This film could have been titled “There Will Be Beef.”
I'm on the brink of declaring a new entry for Ebert's Little Movie Glossary: No comedy not titled "Caddyshack" has ever created a funny joke involving a golf cart. The only thing preventing me is that I can't remember if "Caddyshack" had golf cart jokes. In any event, if there is a golf cart, it will sooner or later drive into a water hazard. The funny angle here is that the filmmakers went to all that trouble because they trusted the audience to laugh.
I stared with glazed eyes at "The Bounty Hunter." Here is a film with no need to exist. Among its sins is the misuse of Jennifer Aniston, who can be and has been very funny, but not in dreck like this. Lacking any degree of character development, it handcuffs her to a plot of exhausted action comedy cliches -- and also to a car door and a bed.
The handcuffer is her former husband Milo (Gerard Butler), a former cop who is now a bounty hunter and draws the assignment of tracking down his ex-wife, who has skipped bail.
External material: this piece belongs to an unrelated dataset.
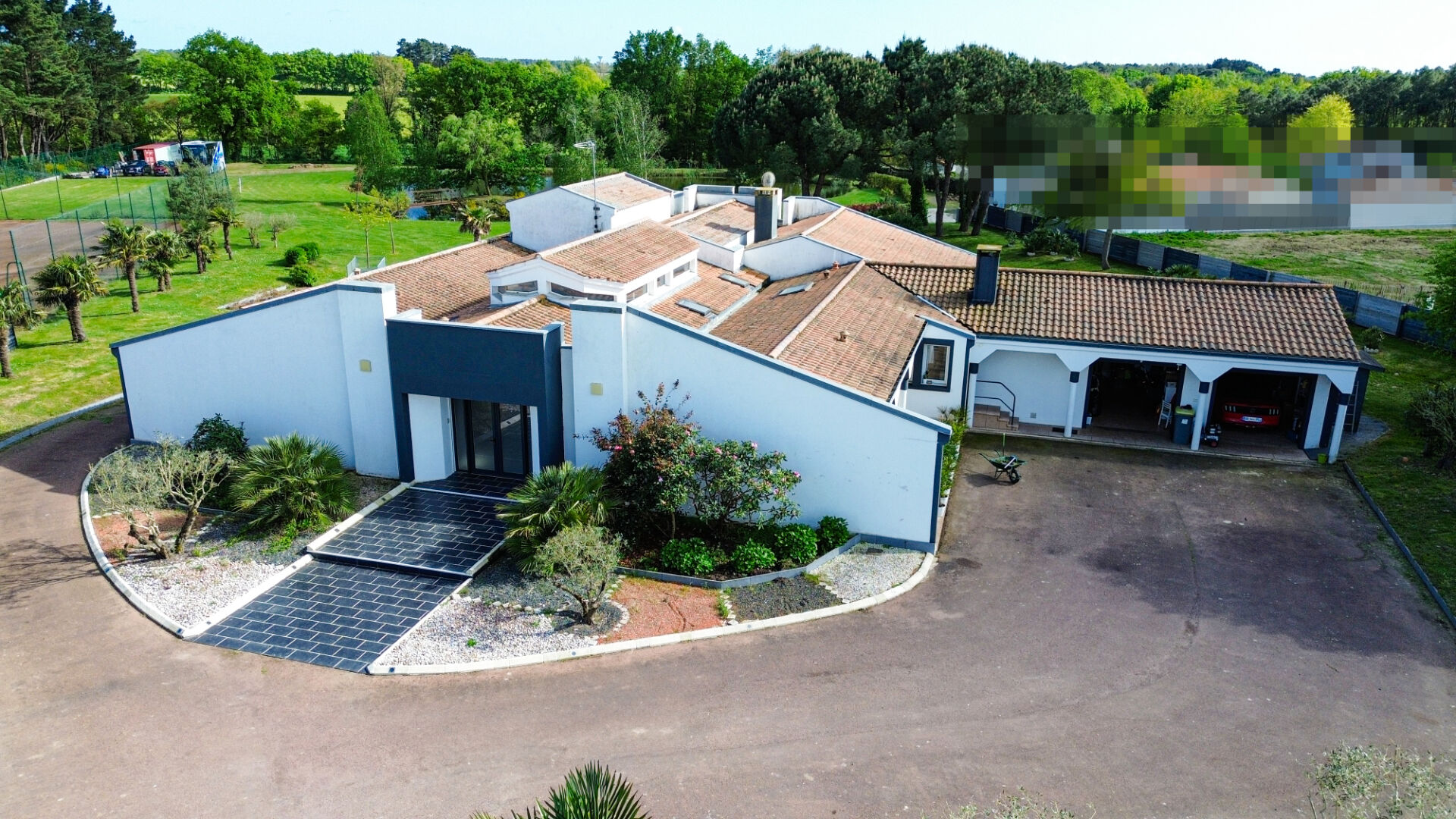 Le vaste parc arboré, soigneusement entretenu, avec son étang et ses espaces de détente, offre une qualité de vie rare, propice au repos comme à la vie de famille active.
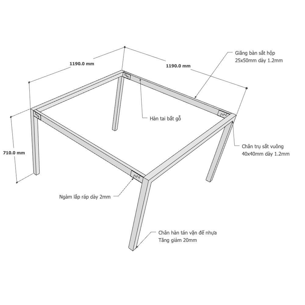 Kích thước chân sắt lắp ráp cho bàn cụm 2 120x120cm

Have I lost touch, or are bounty hunters routinely deployed to track down criminals accused of no more than a non-fatal traffic violation? Never mind.
Let's do a little mental exercise here, the same sort that the screenplay writer, Sarah Thorp, must have done. Remember the ground rules: The movie must contain only cliches. I used to test this exercise on my film class. I'd give them the genre, and begin sentences ending with an ellipsis. They'd compete to be first to shout out the answer.